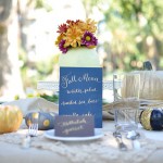 Quindi, ricapitolando: zucche, perline, strass, nastri e quanto volete utilizzare per decorare le vostre zucche. Potete anche prendere dei bastoncini di legno, lunghi stuzzicadenti e utilizzarli come segnaposto infilando un’estremità nella zucca e puntando il cartoncino con il nome dell’ospite dall’altro.
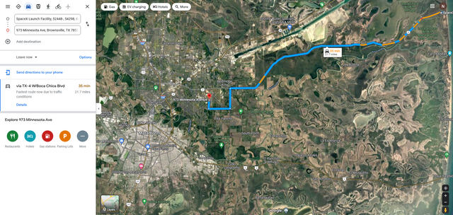 Просто все заговоры о том что у Маск космодром в глуши на болотах, ерунда.  Он строит на окраине города от которого до старта 21миля или 35 минут на машине. С аэропортом, жд, портом и населением под миллион человек.
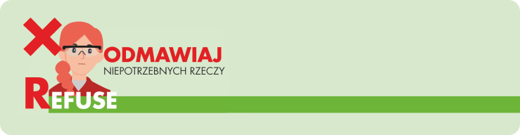 - Odmawiaj używania jednorazowych produktów (plastikowe kubki, słomki, plastikowe opakowania)
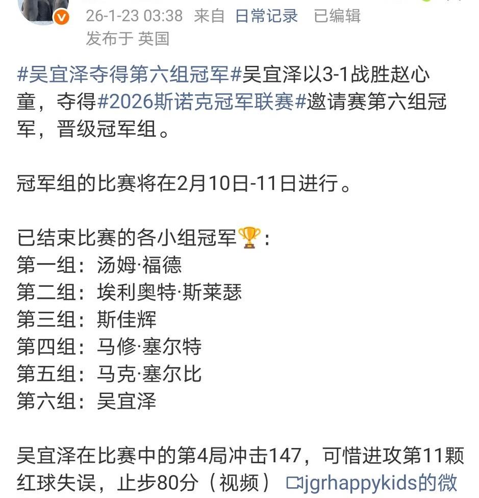 2026斯诺克冠军联赛第6小组,3名中国球员打出147,吴宜泽击败赵心童夺冠,赵心童再次饮恨。 小组前四:赵心童、吴宜泽、张安达、杰克琼斯。 半决赛: 赵心童3-0杰克琼斯 吴宜泽3-0张安达 决赛: 赵心童1-3吴宜泽
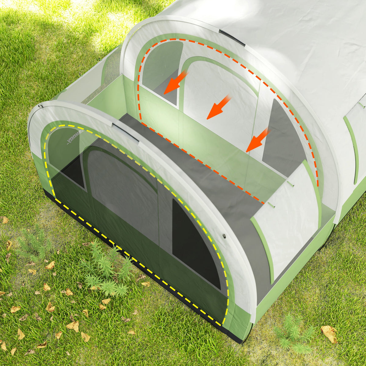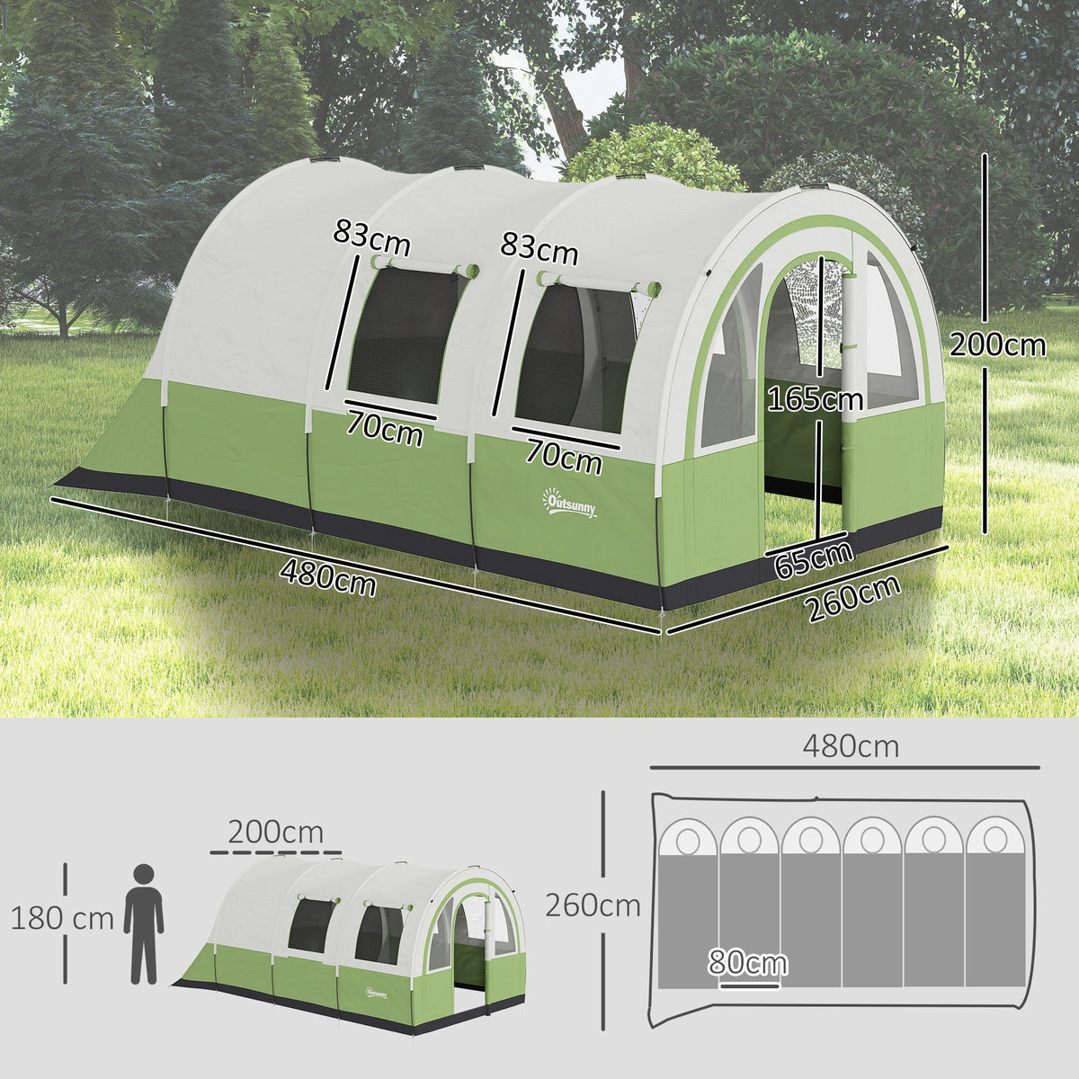 Outsunny 3000mm Waterproof Camping Tent, 5-6 Man Family Tent with Living and Bedroom, Carry Bag Included, Cream and Green - Cream, Emerald Green

**Activity:**
Transcribe exactly the lines from the one holding "吴宜泽3-0张安达 决赛: 赵心童1-3吴宜泽" through the final line of the material above, both ends included; any pictures should be dropped.

**Solution to this problem:**
 2026斯诺克冠军联赛第6小组,3名中国球员打出147,吴宜泽击败赵心童夺冠,赵心童再次饮恨。 小组前四:赵心童、吴宜泽、张安达、杰克琼斯。 半决赛: 赵心童3-0杰克琼斯 吴宜泽3-0张安达 决赛: 赵心童1-3吴宜泽
 Outsunny 3000mm Waterproof Camping Tent, 5-6 Man Family Tent with Living and Bedroom, Carry Bag Included, Cream and Green - Cream, Emerald Green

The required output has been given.